**Description of the task**
Nothing but the pictures is dropped; write out all the remaining data below exactly.

**Supplied data**
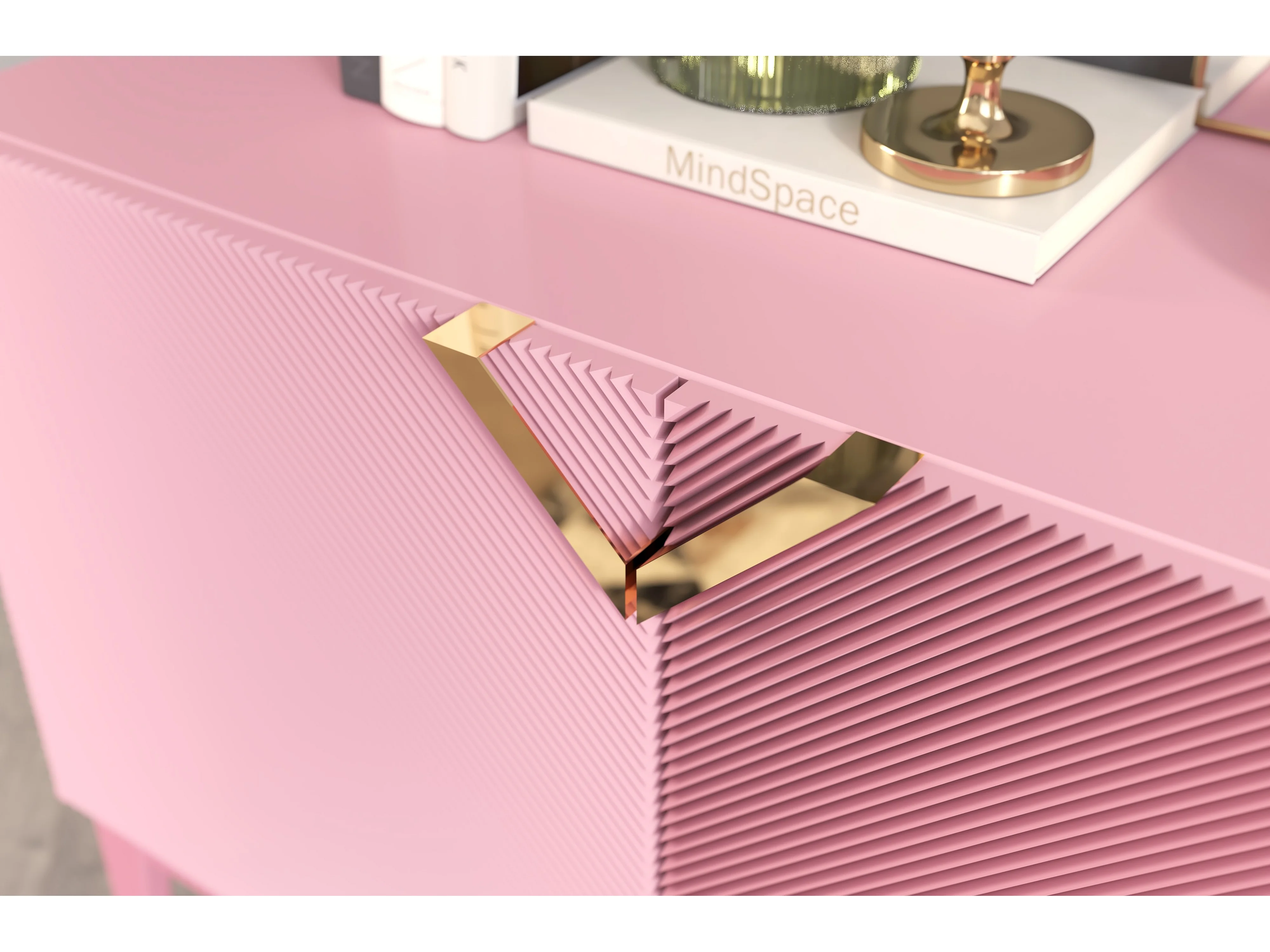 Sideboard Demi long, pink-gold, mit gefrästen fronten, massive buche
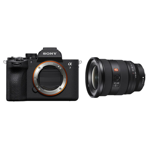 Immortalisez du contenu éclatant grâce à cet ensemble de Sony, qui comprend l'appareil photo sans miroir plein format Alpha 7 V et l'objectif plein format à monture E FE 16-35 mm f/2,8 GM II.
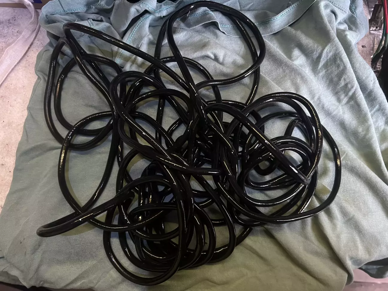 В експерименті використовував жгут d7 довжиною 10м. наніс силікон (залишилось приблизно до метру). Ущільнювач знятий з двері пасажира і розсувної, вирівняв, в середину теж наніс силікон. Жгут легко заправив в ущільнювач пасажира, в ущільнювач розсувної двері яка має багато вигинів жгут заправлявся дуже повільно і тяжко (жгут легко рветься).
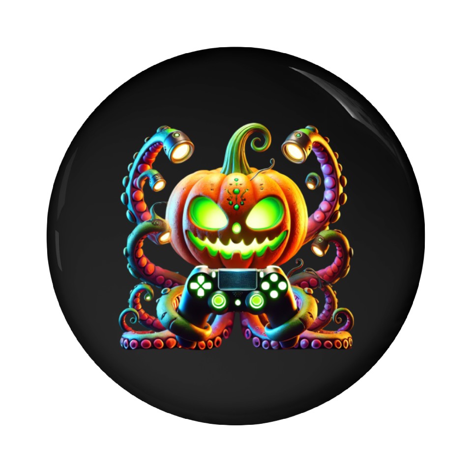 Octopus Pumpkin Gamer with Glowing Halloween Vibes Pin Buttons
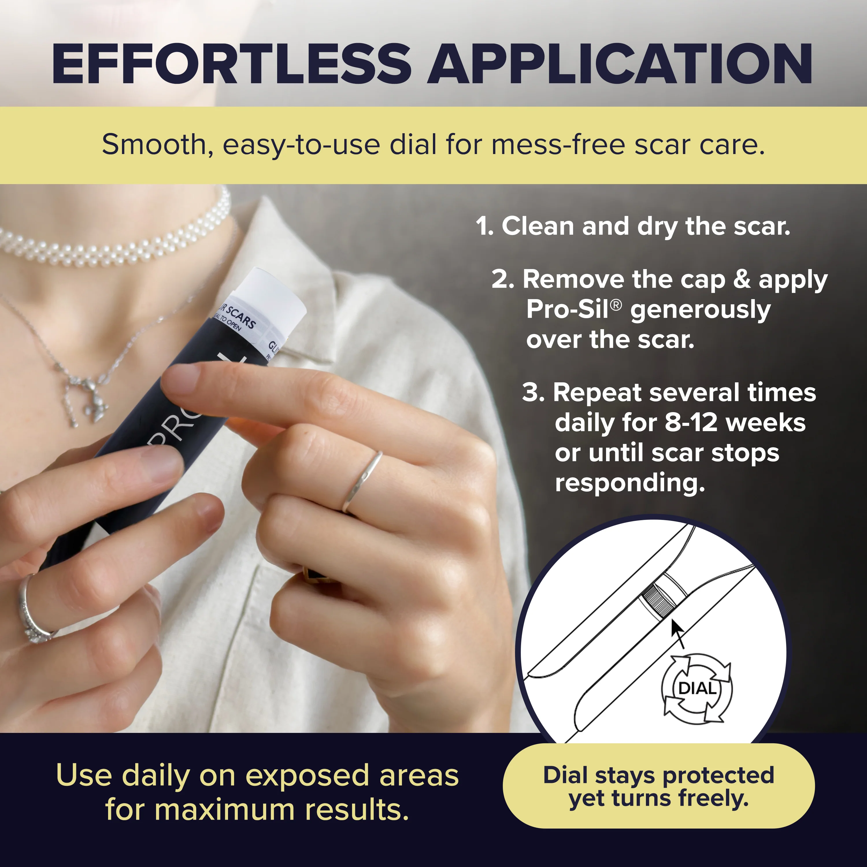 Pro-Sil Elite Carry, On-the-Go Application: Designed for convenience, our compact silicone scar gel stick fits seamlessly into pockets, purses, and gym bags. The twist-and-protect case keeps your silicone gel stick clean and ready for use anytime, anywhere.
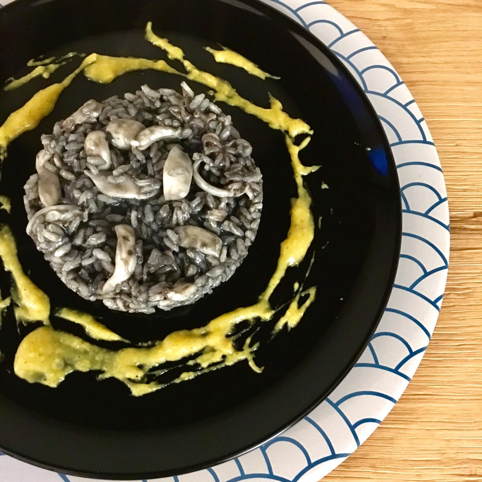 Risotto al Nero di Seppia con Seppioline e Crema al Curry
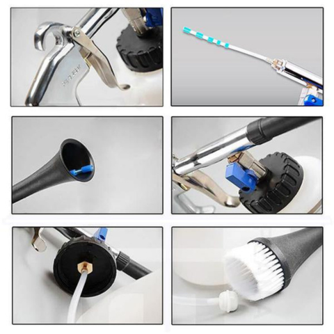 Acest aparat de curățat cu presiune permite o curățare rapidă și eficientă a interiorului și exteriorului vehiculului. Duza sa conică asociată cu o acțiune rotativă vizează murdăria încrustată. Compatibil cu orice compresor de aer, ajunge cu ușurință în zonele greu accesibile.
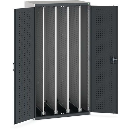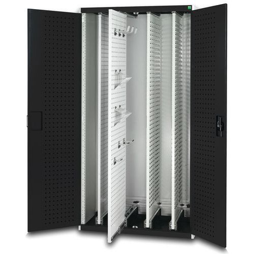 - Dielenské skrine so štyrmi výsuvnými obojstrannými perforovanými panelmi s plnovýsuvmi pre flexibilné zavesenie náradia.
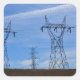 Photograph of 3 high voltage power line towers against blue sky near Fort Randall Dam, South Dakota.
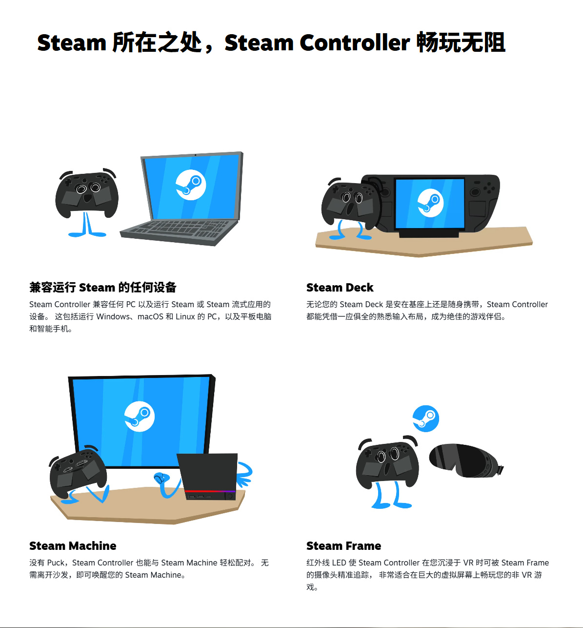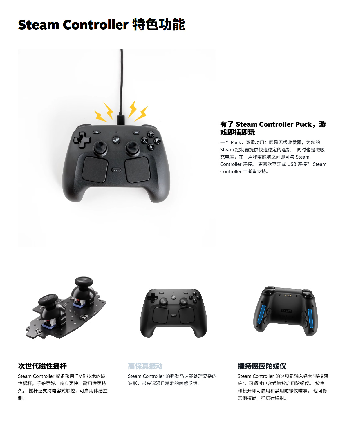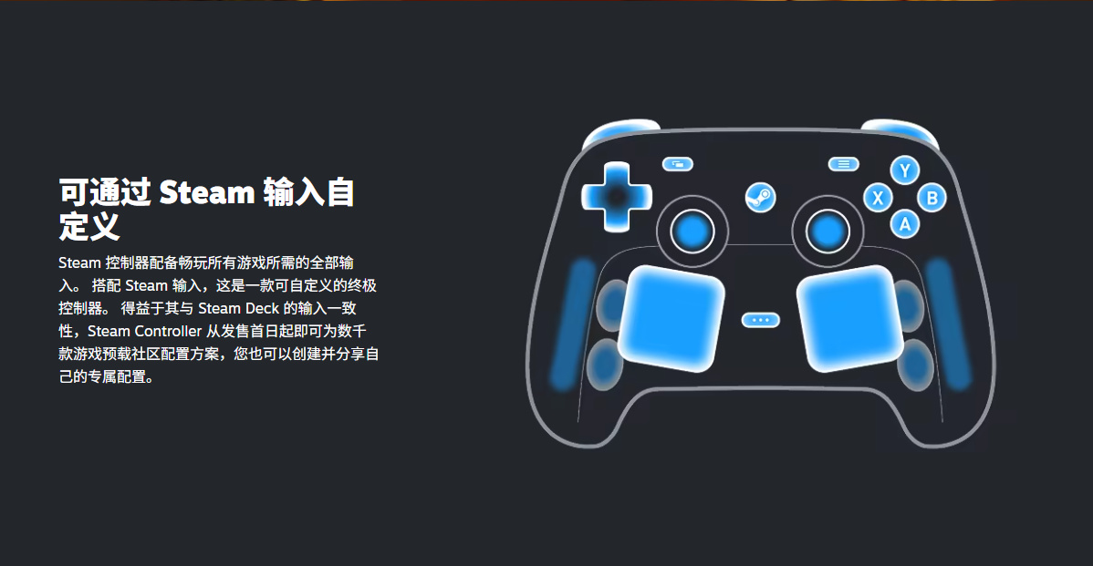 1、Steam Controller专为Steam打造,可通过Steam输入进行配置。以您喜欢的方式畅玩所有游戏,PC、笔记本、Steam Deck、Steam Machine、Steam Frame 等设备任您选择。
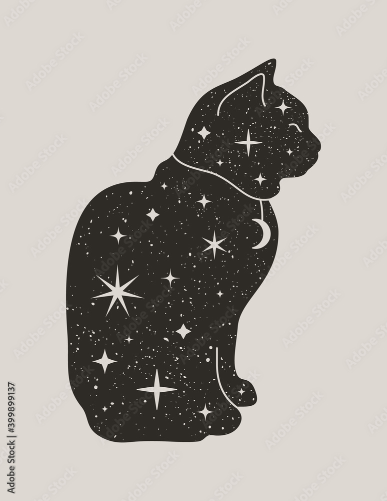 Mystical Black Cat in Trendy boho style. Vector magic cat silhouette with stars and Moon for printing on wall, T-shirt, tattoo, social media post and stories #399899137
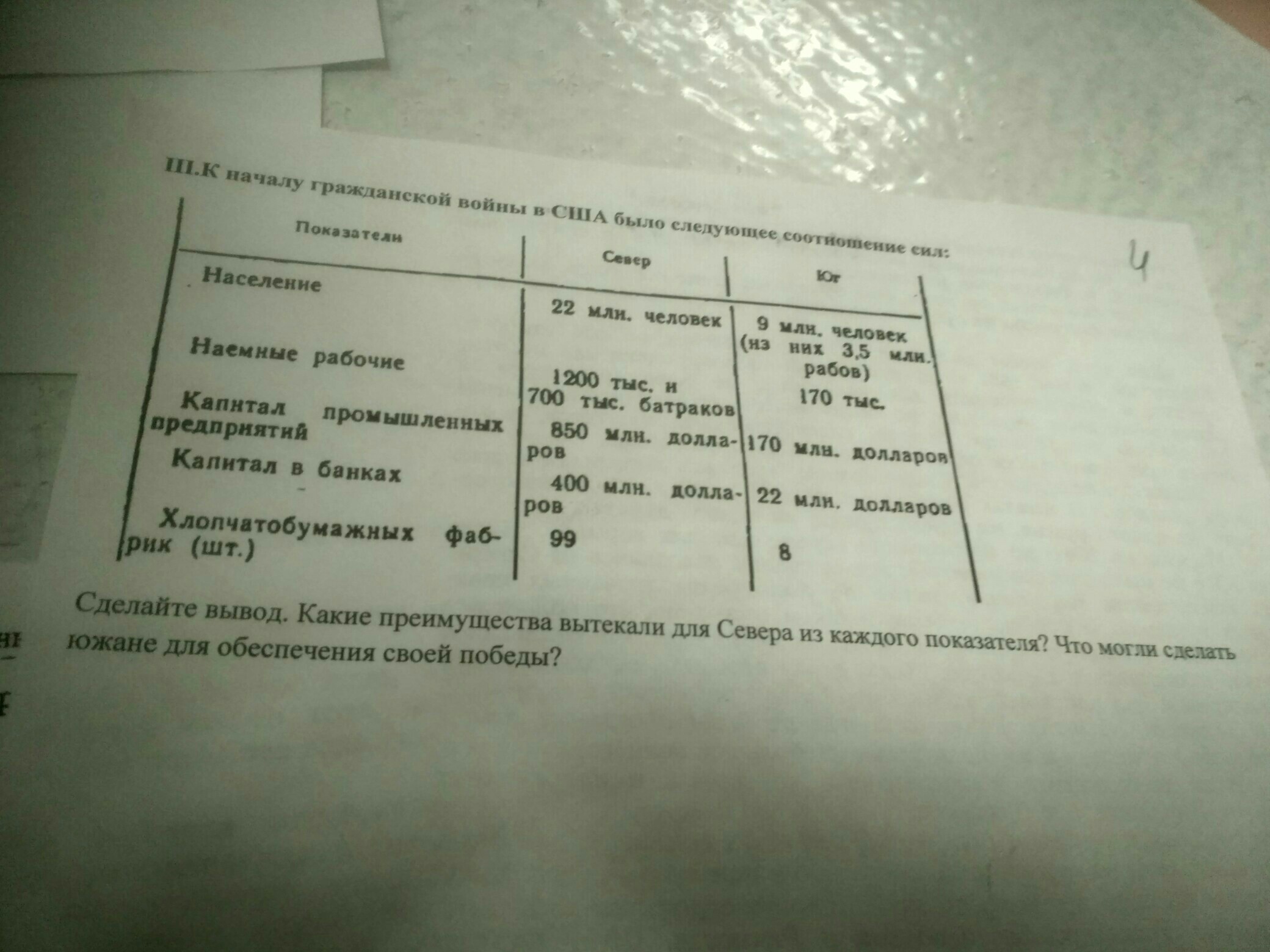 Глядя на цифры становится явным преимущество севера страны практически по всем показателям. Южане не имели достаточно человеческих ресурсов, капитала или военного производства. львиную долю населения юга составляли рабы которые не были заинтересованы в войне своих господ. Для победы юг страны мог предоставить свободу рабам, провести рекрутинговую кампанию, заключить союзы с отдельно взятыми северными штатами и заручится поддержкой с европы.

**Solution**
 Sideboard Demi long, pink-gold, mit gefrästen fronten, massive buche
 Immortalisez du contenu éclatant grâce à cet ensemble de Sony, qui comprend l'appareil photo sans miroir plein format Alpha 7 V et l'objectif plein format à monture E FE 16-35 mm f/2,8 GM II.
 В експерименті використовував жгут d7 довжиною 10м. наніс силікон (залишилось приблизно до метру). Ущільнювач знятий з двері пасажира і розсувної, вирівняв, в середину теж наніс силікон. Жгут легко заправив в ущільнювач пасажира, в ущільнювач розсувної двері яка має багато вигинів жгут заправлявся дуже повільно і тяжко (жгут легко рветься).
 Octopus Pumpkin Gamer with Glowing Halloween Vibes Pin Buttons
 Pro-Sil Elite Carry, On-the-Go Application: Designed for convenience, our compact silicone scar gel stick fits seamlessly into pockets, purses, and gym bags. The twist-and-protect case keeps your silicone gel stick clean and ready for use anytime, anywhere.
 Risotto al Nero di Seppia con Seppioline e Crema al Curry
 Acest aparat de curățat cu presiune permite o curățare rapidă și eficientă a interiorului și exteriorului vehiculului. Duza sa conică asociată cu o acțiune rotativă vizează murdăria încrustată. Compatibil cu orice compresor de aer, ajunge cu ușurință în zonele greu accesibile.
 - Dielenské skrine so štyrmi výsuvnými obojstrannými perforovanými panelmi s plnovýsuvmi pre flexibilné zavesenie náradia.
 Photograph of 3 high voltage power line towers against blue sky near Fort Randall Dam, South Dakota.
 1、Steam Controller专为Steam打造,可通过Steam输入进行配置。以您喜欢的方式畅玩所有游戏,PC、笔记本、Steam Deck、Steam Machine、Steam Frame 等设备任您选择。
 Mystical Black Cat in Trendy boho style. Vector magic cat silhouette with stars and Moon for printing on wall, T-shirt, tattoo, social media post and stories #399899137
 Глядя на цифры становится явным преимущество севера страны практически по всем показателям. Южане не имели достаточно человеческих ресурсов, капитала или военного производства. львиную долю населения юга составляли рабы которые не были заинтересованы в войне своих господ. Для победы юг страны мог предоставить свободу рабам, провести рекрутинговую кампанию, заключить союзы с отдельно взятыми северными штатами и заручится поддержкой с европы.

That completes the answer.